Skaneateles Lake 4/4 + Seneca Lake 4/5

Reports

Got out on my own for a couple days of scouting.  Here’s how things went:

Skaneateles Lake 4/4:  I figured the parking lot here would be packed with perch and walleye fishermen but was very surprised to only see two other vehicles in the lot when I arrived.  I fished from 1 pm until 5.  I spent most of the day throwing hair jigs and occasionally would try a bladebait or tube jig.  A hair jig will catch pretty much any species that swims in this lake.  I was hoping to encounter a walleye or two but just wound up catching around 1/2 dozen big perch.  My conditions were ok for around an hour or two and then they deteriorated.  I did a bit of exploration as well, fishing areas I hadn’t fished in a long time.  The walleye bite has been off and on here.  I didn’t encounter a single trout or salmon today, which historically for this time of year would have been very surprising – though not so much given what we’ve seen here over the past few years.

Seneca Lake out of Watkins Glen 4/5:  The good news here is that the Marina Bar and Grill has been bought (or leased) and will be turned into an Elmira Brewpub or something like that. I used to enjoy stopping over at the Bar and Grill after guiding out of Watkins Glen and was disappointed to see that it closed down for good after the end of last season.  They did good business there, but the owners/operators (I believe the City of Watkins Glen actually owns all that property) had had their fill after running in for a good dozen or more years.  Yes – time flies.

I had weird windy conditions with the northwest winds.  Much of the lake was like glass.  I scouted one area for salmon and then decided to try some lake trout jigging, which I hadn’t done around the mid-southern part of the lake in probably 9 or 10 years.  Once I found fish, I was impressed with the numbers on my graph, but as is often the case, they weren’t hitting or chasing jigs well.  According to one friend that fishes the southern half of Seneca Lake for lakers, the numbers are good but fish run small.  That’s my guess as to what was happening.  Young fish don’t chase jigs much.  I’m guessing either their swim bladder doesn’t allow it and/or their instincts are to stay close to the bottom for more security from predators.  I had one or two hits that I couldn’t connect with despite downsizing my jig body and jig head hook.

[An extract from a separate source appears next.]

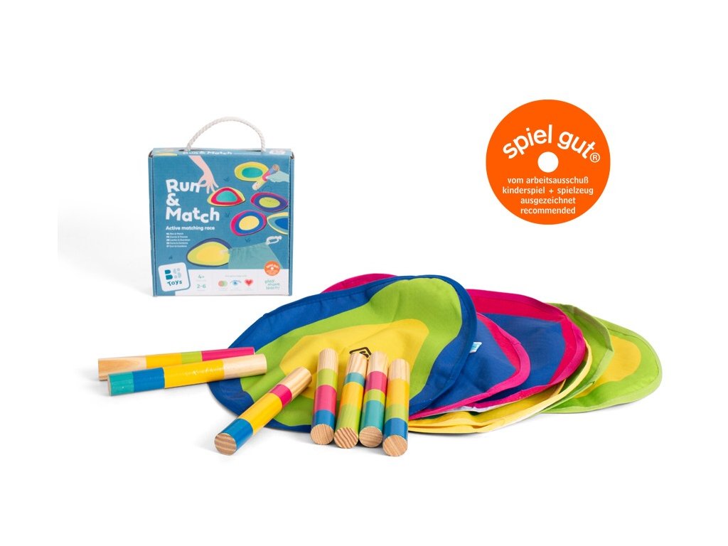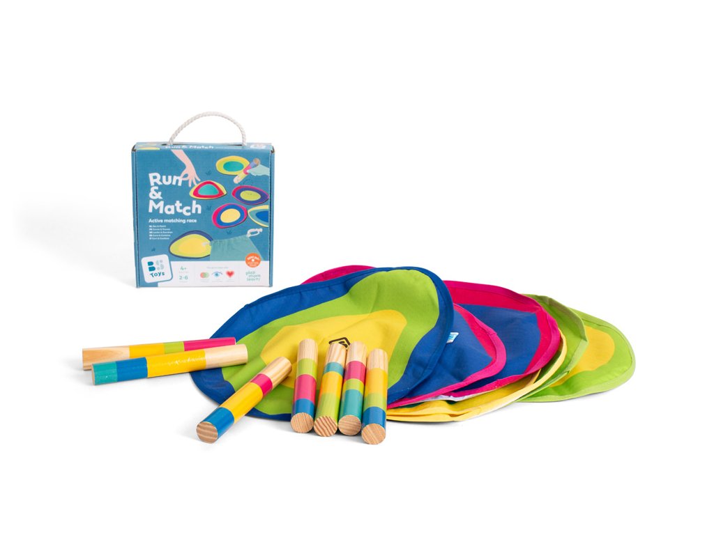 Cieľom hry je ako prvý dobehnúť ku správnej podložke. Rozhoďte podložky na zem – buď voľne, alebo v kruhu. Deti vytiahnu jednu tyčinku z vrecka. Potom bežia k podložke, ktorá sa farbou zhoduje s tyčinkou. Kto sa k podložke dostane prvý, získava bod.

The good news is that these fish will grow up and within a year or two we should start seeing an improvement on this lake.  Once the laker population builds up, it will help to buffer lamprey attacks on other species as well as knock back the abundant alewives, which should result in hungrier trout as well as better yellow perch production on this lake.  Alewives are notorious for destroying perch populations.  Conesus Lake was probably the top perch lake in NY State for its size back in the 1960s and 1970s.  One illegal introduction of alewives destroyed the perch fishery there within a few years!

Speaking of illegal introductions, will the morons ever stop?  More reports of walleyes are coming out of Keuka Lake.  I wish people would leave the fish introductions to DEC.  They don’t always get it right, but at least they have a clue.  What do the mouth-breathers that stock these fish think that the walleyes are going to eat?   The only remaining forage in that lake is more or less yellow perch and sculpins.  Alewives exist in small numbers.  The walleyes will basically crash the perch population eventually.   Rainbow trout there are already in peril, but walleye-guy doesn’t care about anything or anyone apart from himself.  We’ll wind up with small lake trout, pickerel, bass, a relatively small population of walleyes that very few people will catch and fewer and fewer perch – a fish that everyone loves to catch.  I’d bet a nickel to a dollar that the perch population is already starting to go down in Skaneateles Lake.  It’s not enough to have abundant walleyes in Otisco Lake, Conesus Lake, Honeoye Lake, Oneida Lake, Lake Erie, Lake Ontario, the St. Lawrence River, the Susquehanna River, Whitney Point Reservoir and so on.  Oh well…I guess you can’t have too many walleyes according to bonehead logic.

Anyways, I digress.  After finishing up with the lake trout, I tried a couple areas for salmon.  I was casting stickbaits in order to cover water fast.  Lo and behold, I had a follow and then a hit without a hookup in one area, so I broke out the 6-weight fly-rod and in short order finally nabbed a 16.5″ salmon.  Not big, but after 2 or 3 fishless trips on this lake, I’ll take it (I actually let it go.)  Great fight with some nice aerials!   My friend/client Pete lives on the lake near Watkins and my joke to him (after he finally trolled one up after maybe 20 hours of fishing) was that “Sorry to tell you this, but I caught the other salmon in Seneca Lake!”   Obviously there are some nice salmon around somewhere and over the past two years some beauties have been landed during the Memorial Weekend Derby.  There are some 10lb+ landlockeds swimming around in Seneca Lake.

Stable warm weather makes for good spring fishing.  If these warming trends continue – and they are supposed to, we should see some fair to good salmon/trout fishing over the next few weeks.  A few nice salmon are being caught on Cayuga Lake as well.